1.  Mathews, C.K.; van Holde, K.E.; Ahern, K.G. (10 Dec 1999). Biochemistry (3 ed.). Prentice Hall. ISBN 978-0-8053-3066-3.

How could we measure the pH?

As we’ve built the model predicting the pH change very accurately, we have been thinking about how to use this system change to our advantage. There are two viable options that we’ve considered.

By using a pH indicator that changes colour at a pH of around 6, we could use the same electronics that we’ve developed for detecting the fluorescence of the sfGFP in the biosensor to detect the colour change, and therefore the point at which the pH becomes dangerously low. This has the advantage of making the biosensor very user friendly while keeping the system cheap.

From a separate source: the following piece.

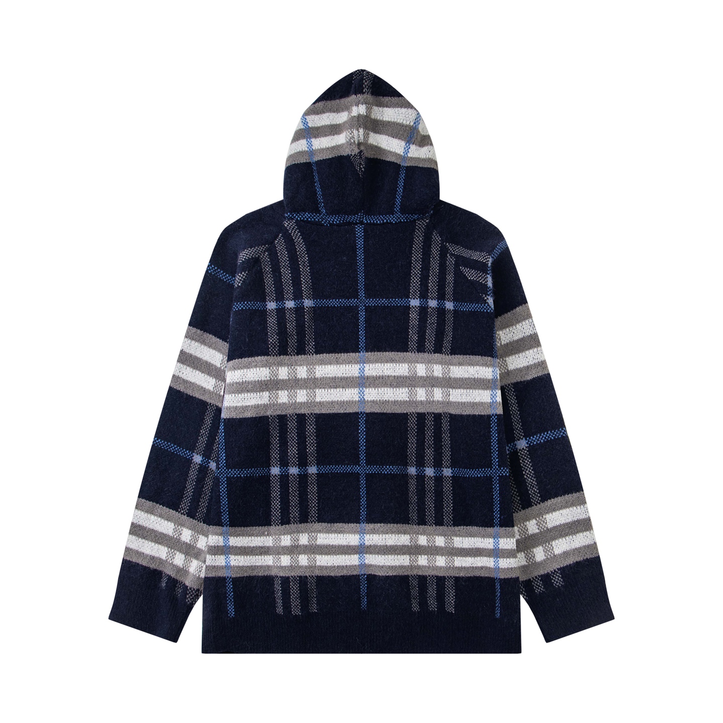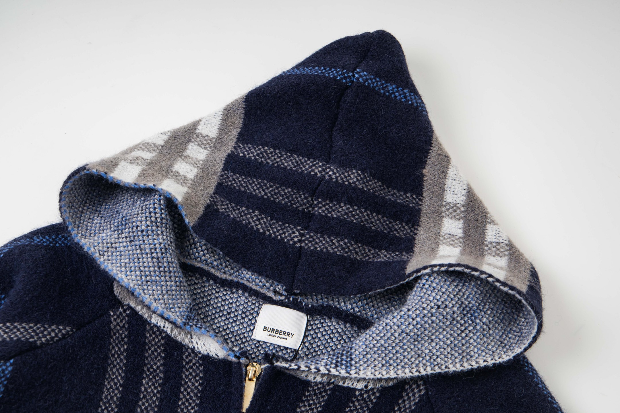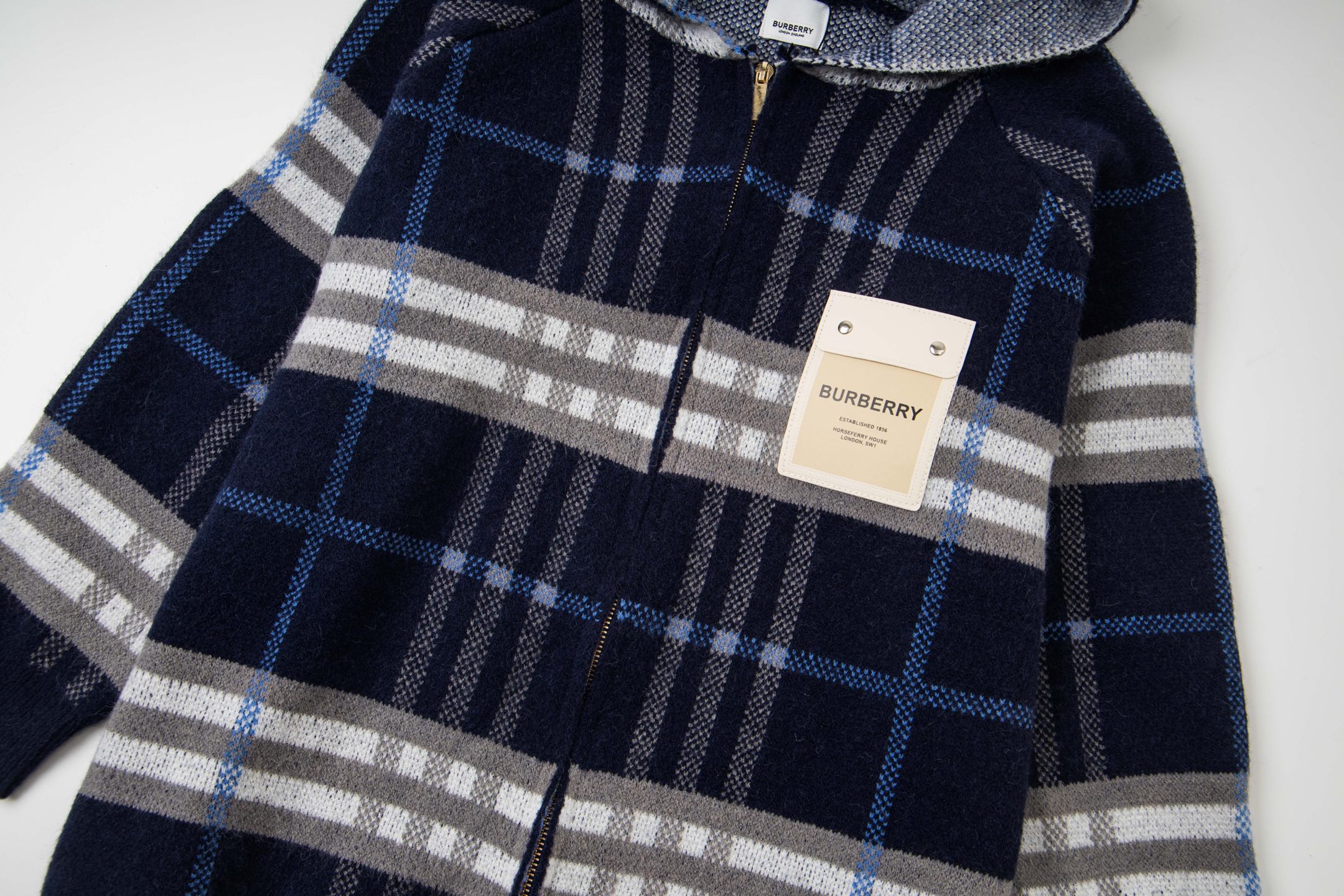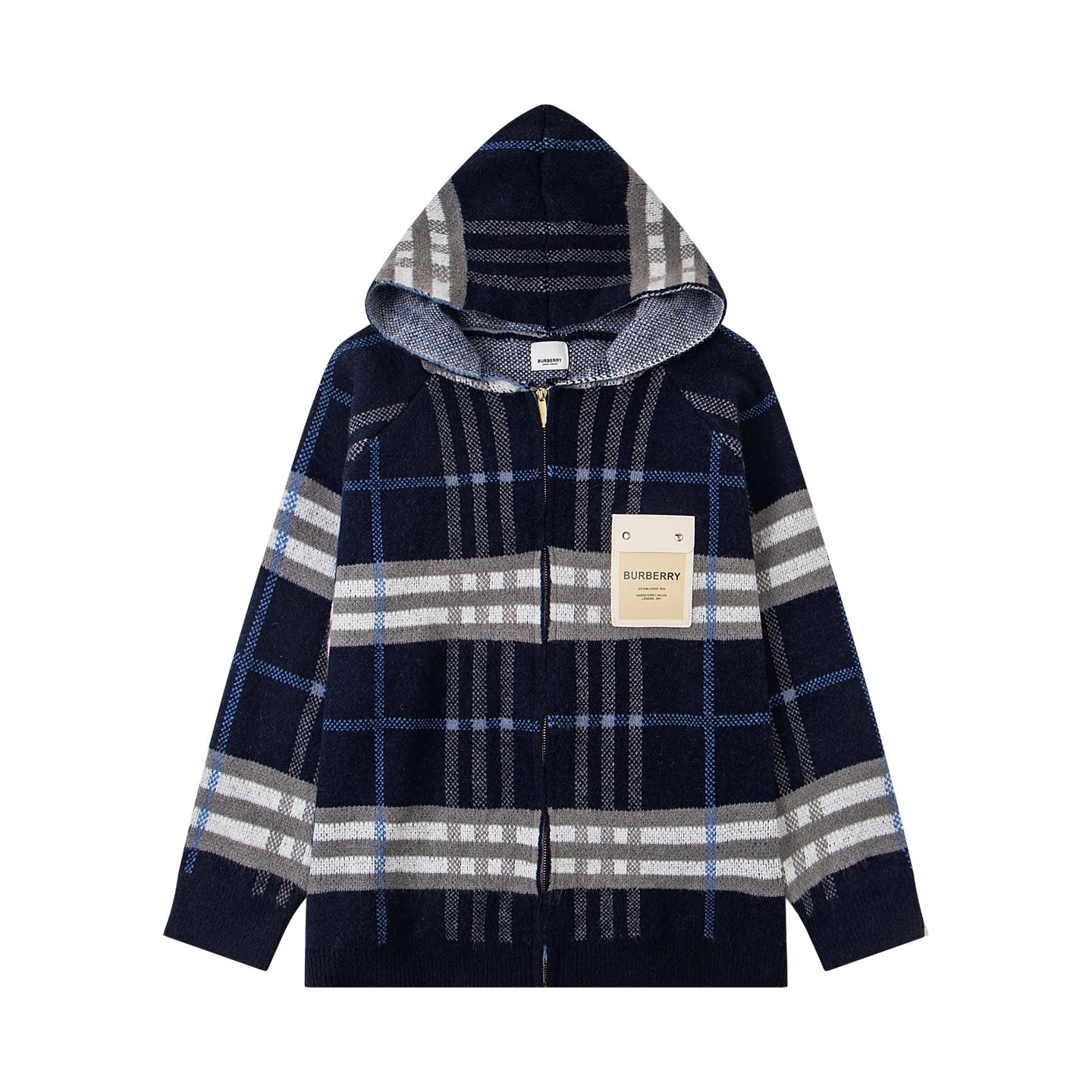 巴宝莉BURBERRY经典皮标拉链连帽蓝格子羊毛针织夹克外套 男女款
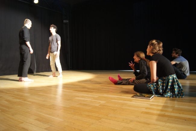 « Par promotion, on est que deux dans cette section, c’est un peu compliqué pour nous parce qu’en première année on observe plus qu’autre chose et quand on arrive en deuxième année on doit diriger des groupes d’acteurs et gérer des projets, il n’y a pas d’entre deux. En première année, on assiste les metteurs en scène qui interviennent dans l’école, on aide aussi ceux de la promotion antérieur dans leurs créations mais on n’a nos propres projets qu’à partir de la seconde année. La vraie question et ce qui est compliqué dans notre section c’est de savoir, de manière plus générale, comment on forme un metteur en scène. »

The other option is to use a commercially available digital pH meter to signal a warning when the pH gets too low. This could require occasional maintenance of the pH sensor, but would have the advantage of being more accurate.

How is the pH useful?

The pH in our system is an indirect measure of the amount of DCM that we’ve degraded. It is therefore possible to calculate the required amount of water that has to be added to a certain amount of DCM to ensure the pH remains neutral. If no buffer solution is added, initial calculations (see the graph) indicate that there is a very big difference between the relative volumes of the amount of DCM added and the volume of the aqueous layer. This highlights the importance of using a pH buffer solution in the aqueous layer.

Therefore, the system that detects the amount of DCM that we’ve degraded could link the digital pH read-out to the initial amount of water added.